Records excerpted from a collection
[Start of Attachment]

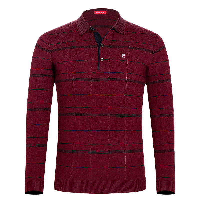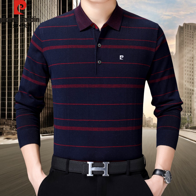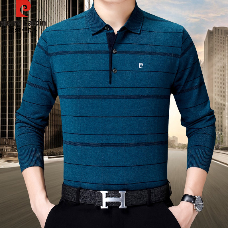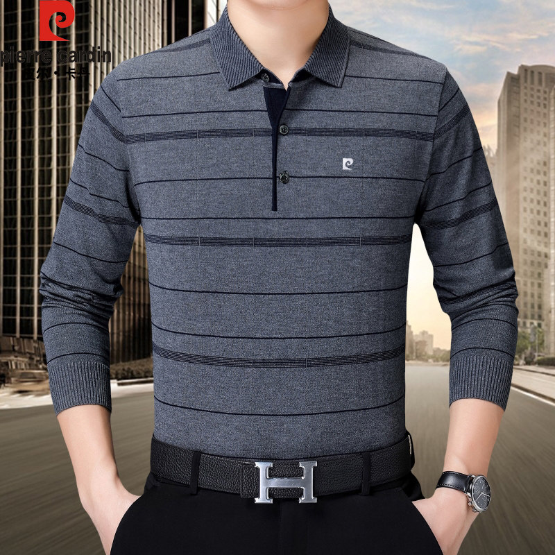 皮尔卡丹名牌男士桑蚕丝长袖t恤中老年翻领上衣爸爸薄款条纹体恤
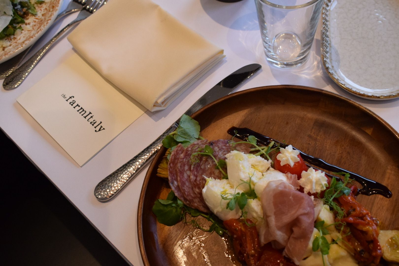 On the menu are those classics with a Farm Italy twist — the burrata with cherry bombs, crostini and 12-year balsamic drizzle, cacio e pepe made with cracked pepper and pecorino, and a penne dish made with brown rice, roasted squash, pistachio and chili honey.
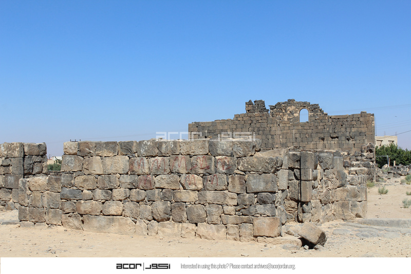 Jordan. Umm al Jimal, Commodus Gate, looking at south guardroom, West Church in background, graffiti
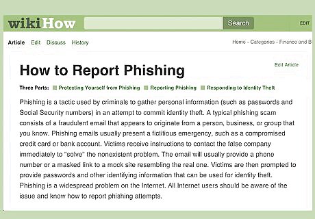 Be wary of unsolicited emails. “Phishing” is a technique scammers use to gain access to your computer and your accounts. Often scammers embed a link into a spam email. When you click on it, they can install malware onto your computer and gain personal information. Scammers also use pop-ups that look like those from a legitimate business or bank. Always take a moment to verify that you are at the right website before clicking links. For more information, see Report Phishing.
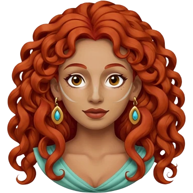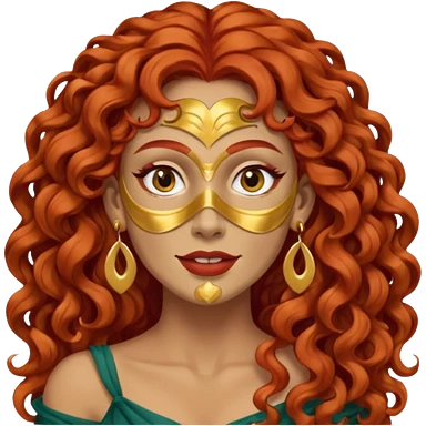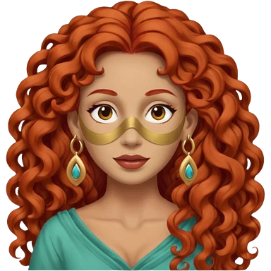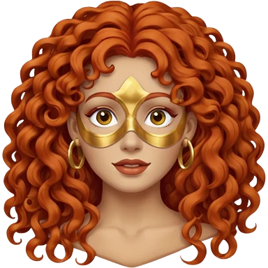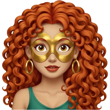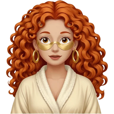 red haired very long curly haired woman with full face clay mask and big earrings emoji
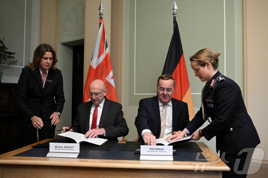 2025년 5월 15일, 독일 베를린에서 열린 트리니티 하우스 국방장관 회의에서 보리스 피스토리우스 독일 국방장관과 존 힐리 영국 국방장관이 영-독 트리니티 하우스 국방 협정 이행을 위한 양자 회담 후 문서에 서명하고 있다. 이날 회담에서 양국은 사거리 2000㎞가 넘는 심층정밀타격 무기를 공동개발하는 데 합의했다. 2025.05.15. ⓒ 로이터=뉴스1 |
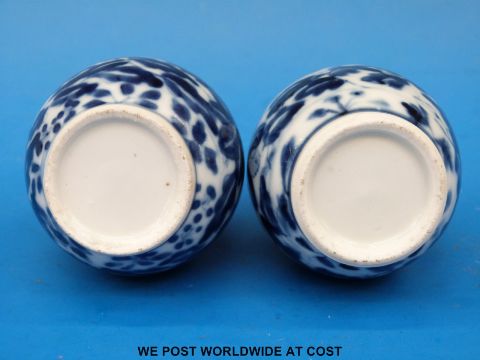 A pair of small 19thC Chinese blue and white vases (13cm tall)
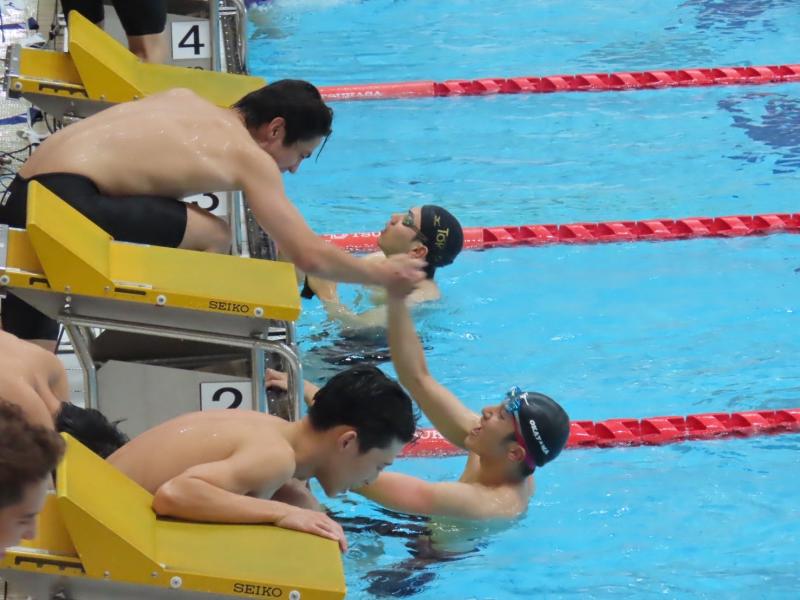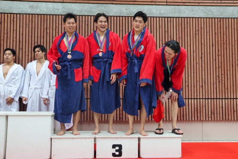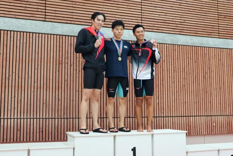 In addition, the men's 4×100-meter freestyle relay team of TAKEUCHI Yuto (4th year, School of Agriculture), YANAGI Haruki (4th year, School of Science), KASATANI Yuto (2nd year, School of Economics), and MURAKAMI Taichi earned third place.
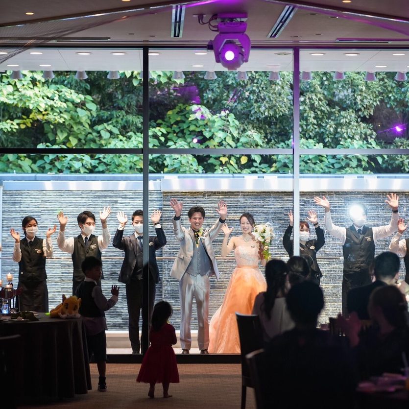 演出はゲストから写真を送ってもらいムービーに出演してもらったり、余興もゲスト参加型のものを、料理は試食会に参加し意見をたくさん投げ、ゲストが喜ぶ内容など悩むこともたくさんありましたが、当日はゲストの方々がたくさん笑っている顔を見ることができ、私たち夫婦も大満足でした。

[End of Attachment]

TASK. From the line that contains "2025년 5월 15일, 독일" through the last line of the entries, transcribe every line exactly, leaving out the pictures.

ANSWER BOX.
 2025년 5월 15일, 독일 베를린에서 열린 트리니티 하우스 국방장관 회의에서 보리스 피스토리우스 독일 국방장관과 존 힐리 영국 국방장관이 영-독 트리니티 하우스 국방 협정 이행을 위한 양자 회담 후 문서에 서명하고 있다. 이날 회담에서 양국은 사거리 2000㎞가 넘는 심층정밀타격 무기를 공동개발하는 데 합의했다. 2025.05.15. ⓒ 로이터=뉴스1 |
 A pair of small 19thC Chinese blue and white vases (13cm tall)
 In addition, the men's 4×100-meter freestyle relay team of TAKEUCHI Yuto (4th year, School of Agriculture), YANAGI Haruki (4th year, School of Science), KASATANI Yuto (2nd year, School of Economics), and MURAKAMI Taichi earned third place.
 演出はゲストから写真を送ってもらいムービーに出演してもらったり、余興もゲスト参加型のものを、料理は試食会に参加し意見をたくさん投げ、ゲストが喜ぶ内容など悩むこともたくさんありましたが、当日はゲストの方々がたくさん笑っている顔を見ることができ、私たち夫婦も大満足でした。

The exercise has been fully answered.